Equities fell in early trade Friday after Donald Trump called a news conference for later in the day to outline his response to China’s plan to crack down on Hong Kong, which many fear could further increase tensions between the superpowers.
The losses were being tempered, however, by hopes that parts of the planet are slowly emerging from the coronavirus crisis as governments continue to ease up on lockdown restrictions that have battered the global economy.
The retreat tracked a negative day on Wall Street, which suffered a late sell-off after Trump said he would make a statement on Beijing’s controversial security plan for the southern financial hub.
The US president told reporters at an Oval Office meeting that he was “not happy” with Beijing and the news conference would be about “what we’re doing with respect to China”, while giving no specifics.
The White House has already revoked the city’s special status, potentially opening the way for it to be stripped of key trading privileges such as lower tariffs than mainland China.
Relations between Washington and Beijing have deteriorated since the outbreak of the virus, which has killed more than 100,000 Americans, with Trump laying the blame at China’s door.

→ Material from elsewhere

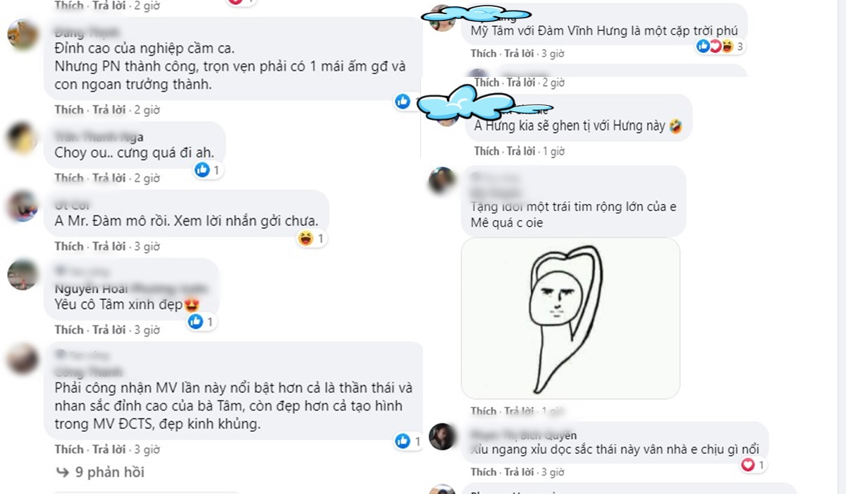Khi thấy Mỹ Tâm đăng ảnh phân cảnh có phần tình cảm với nhạc sĩ Khắc Hưng dù chỉ là trong MV, khán giả vẫn gọi tên Đàm Vĩnh Hưng ở phần bình luận: “Anh Hưng kia sẽ ghen tị với Hưng này mất”, “Mỹ Tâm với Đàm Vĩnh Hưng là một cặp trời phú”, “A Mr. Đàm đâu rồi. Xem lời nhắn gửi chưa?”.

The row has fanned fears of a renewal of their trade war, which slammed the world economy and sent markets tumbling last year.
“All focus today will be on pre-positioning ahead of US President Trump’s announcing new policies related to China in response to China’s decision to move ahead with national security legislation for Hong Kong,” said Stephen Innes at AxiCorp. He said traders were eyeing losses of around seven percent for US markets, the amount they fell during last year’s standoff.
But he pointed out that there was a cycle last year when stocks would dive on bad headlines before bouncing to record highs.
“Once stocks were looking good, Trump would have the confidence to drop another headline bomb via new tariffs. Arguably with the S&P 500 above 3,000 they might look good again in the president’s eye.”
In the morning trade, Hong Kong was down 0.3 percent, Shanghai dropped 0.1 percent and Tokyo went into the break 0.3 percent lower. Sydney fell more than one percent, Seoul eased 0.4 percent, while Singapore, Wellington and Taipei slipped 0.2 percent each.
However, Manila and Jakarta edged up. The losses, though, were shallower than the beginning of the day, with support coming from hopes that the world is gradually returning to a semblance of normal as death and infection rates of coronavirus ease. Bars, cafes, shops, and beaches from Asia to the US are beginning to reopen, while Italy and England have set June dates for a resumption of their football seasons. There was also some cheer from the news that fewer people applied for US unemployment benefits for the first time last week, while the insured unemployment rate, measuring the people actually receiving benefits, also dipped for the first time since the pandemic struck. Still, some observers remain nervous.
“I’m very cautious about my medium- and even long-term outlook for the markets,” Kate Jaquet at Seafarer Capital Partners told Bloomberg TV. “I perceive there to be a very large disconnect between the stock market valuations across the globe and underlying company fundamentals.”